Find the distance between the two (obviously parallel) lines below where $\alpha ,\beta \in \mathbb R$ are scalars. $$\text{Line #1}:\begin{bmatrix}0\\1\\2\end{bmatrix}+\alpha\begin{bmatrix}1\\1\\0\end{bmatrix},\text{Line #2}:\begin{bmatrix}1\,\\-1\\3\,\end{bmatrix}+\beta\begin{bmatrix}1\\1\\0\end{bmatrix}$$
How do I find the required distance? Please give me advice.
On
Pick point on the first line.
$P_{1}= [1,2,2]$
Pick point with parameter $\beta$.
$P_{2}= [1,-1,3] + \beta[1,1,0]$
Make a function $ f$($\beta$) which describes distance between these two points.

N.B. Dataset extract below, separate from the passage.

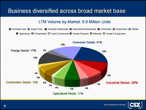 It has a diversified revenue stream, with merchandise making up 60% of revenue and 42% of volume in 2014, coal at 22% of revenue and 18% of volume, and intermodal at 14% of revenue and 40% of volume. The company also has a diversified market base:

$ f(\beta) = $ $\sqrt[]{ (1-1-\beta)^2 + (2+1-\beta)^2 + (2-3)^2 }$
Find minimum of this function.
min$f(\beta) = \sqrt{11\over2}$
So the distance is $\sqrt{11\over2}$
$$$$$$$$ --- how to find minimum:
square function is strictcly monotonic, and values of function under square root $\in R+$ so we can find min of
$ f(\beta) = { (1-1-\beta)^2 + (2+1-\beta)^2 + (2-3)^2 }$
simplify
$ f(\beta) = 2\beta^2 - 6\beta + 10 $
this function has minimum which is y of the vertex of parabola
y = $[-\Delta]\over{4a}$
$\Delta = b^2 - 4ac$
so we have $\Delta= 36-4\times 2 \times 10 = -44$
min f($\beta$)=$\sqrt{y}$= $ \sqrt{44\over 8} $=$ \sqrt{11\over2}$
If you know the angle between your lines and $OX$, you can rotate the lines to make them parralel with $OX$ or $OY$.
After this, just calculate the difference between the cordinates.